Обречён любить тебя (СИ) - Мелевич Яна. Страница 64

«Кибертеррорист, убийца и преступник» — такими прозвищами награждали Антона сограждане в каждом мало-мальски значимом блоге о жизни знаменитостей. Потому каждый шаг давался с трудом, пришлось даже схватиться за плечо старшего брата, который быстро поддержал его.

— Тони? — негромко позвал Елисей, и Настя резко обернулась, пока ступени одна за другой медленно подводили их к краю. — Давай уйдем отсюда. Нам не обязательно видеться ни с Донским, ни с этими пиявками. Мама ждет на парковке. Вызовем охрану и уедем.

Тасмановой такой подход к решению проблемы не понравился, однако спорить она не решилась. Перекошенное лицо Татошка оказалось слишком красноречивым, чтобы спорить о бессмысленном.

— У него все равно запрет на посещение. Мама достаточно жестко пояснила через Андрея и тетю Кристину, что будет, если его нарушат, — фыркнула Настя, с ненавистью покосившись на Марата. Тот с упоением внимал восхищенным вздохам и словам о собственном милосердии к униженным врагам.

Удавка на шее затянулась, стало совсем нечем дышать. Из огромного помещения враз выкачали весь кислород за жалкие миллисекунды, не оставив шанса на спасения от вездесущих глаз и ушей. Сознание помутнело, заплясали цветные круги и белые точки — они стали предвестниками позорного падения перед стаей жадных, голодных падальщиков, которые кружили над головами семьи Антона.

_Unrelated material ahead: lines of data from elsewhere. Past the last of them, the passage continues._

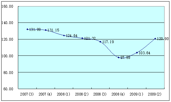 根据上海财经大学应用统计研究中心对上海市投资者的调查,2009年第二季度上海市投资环境信心指数为120.9点,在上季上升的基础上继续大幅上升17.26点,呈现明显乐观状态。具体见下图。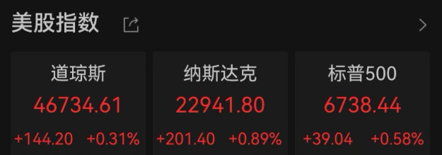 当地时间10月23日,美股三大股指走强。截至收盘,道指涨0.31%,标普500指数涨0.58%,纳指涨0.89%。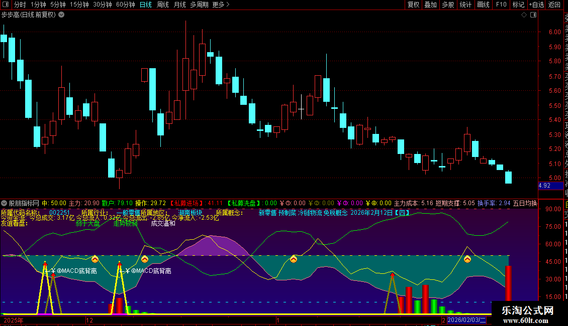 4. 多重买入信号:公式内置了多个独立的买入条件(标注为`¥①`、`¥②`、`¥③`、`¥④`),当条件满足时,会在K线图对应位置显示高亮的信号点和文字说明(如“MACD底背离”)。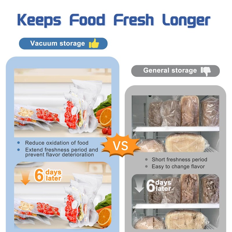 • 【Longer Freshness】Vacuum bags can extend the freshness of food 5 times to avoid food deterioration. Portable vacuum sealer can be used not only for kitchen meal preparation, food preservation after meals at home, but also for outdoor camping, etc.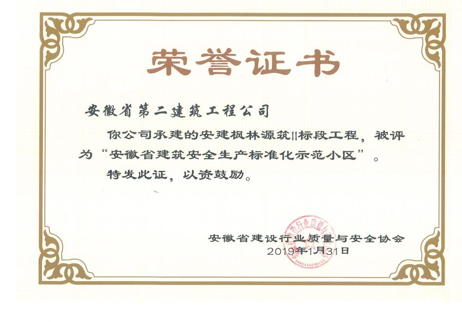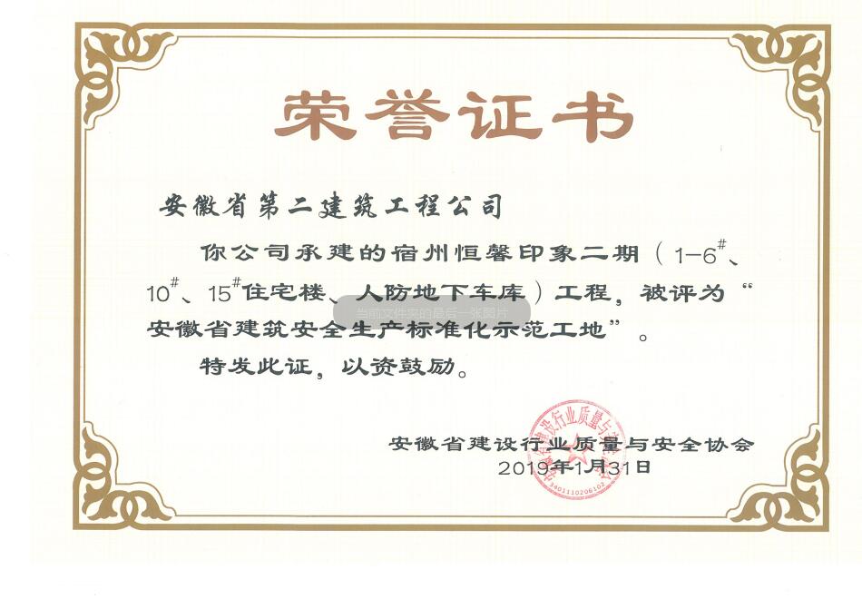 近日,從安徽省建設(shè)行業(yè)質(zhì)量與安全協(xié)會獲悉,安徽二建承建的肥西涼亭雅苑、阜陽楓林源筑、阜陽廣元大學(xué)城、宿州恒馨印象、淮北東岳雅苑5個(gè)項(xiàng)目獲得2018年度“安徽省建筑施工安全生產(chǎn)標(biāo)準(zhǔn)化示范工地”稱號,為公司再添榮譽(yù)。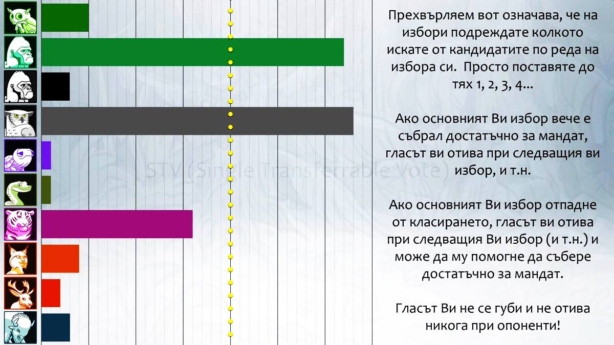 Основно – надграждане на пропорционалната система с „един прехвърляем глас“ (STV, Single Transferable Vote). В STV всеки може да избере къде да отиде гласът му, ако кандидатът, за когото гласува, не влезе или събере достатъчно гласове, и избираме отделни хора, а не партийни списъци.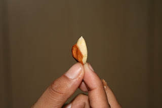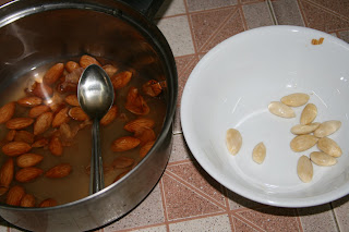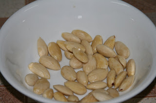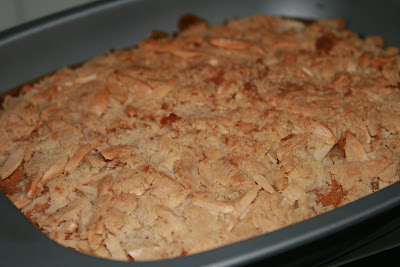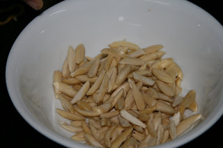 In case you're looking at those almonds and saying those aren't peeled or slivered, you're right of course. I forgot about that step until I got to the "for the topping" part and I was stumped! And then I remembered a little passage written by Jamie Oliver in the book I was currently reading "Don't Try This At Home" (a funny collection of short stories by brilliant chefs). Jamie Oliver had written about how in the start of his culinary career he had had to peel hundreds of almonds! And I used his method: Let the almonds soak in hot water for a few minutes - and then the peel just slips off. Its very easy. So I peeled all of them and slivered them.

Елисей сжал его локоть, Настя прижалась к боку и принялась шептать что-то успокаивающее. Внезапно точно вспышка накрыло воспоминание, казалось бы, совсем недавнее. Еще вчера Татошка красил стены школы в Танзании, а теперь стоял и смотрел куда-то дальше, поверх плеча Донского. Туда, где толпились журналисты, распихивая друг друга локтями.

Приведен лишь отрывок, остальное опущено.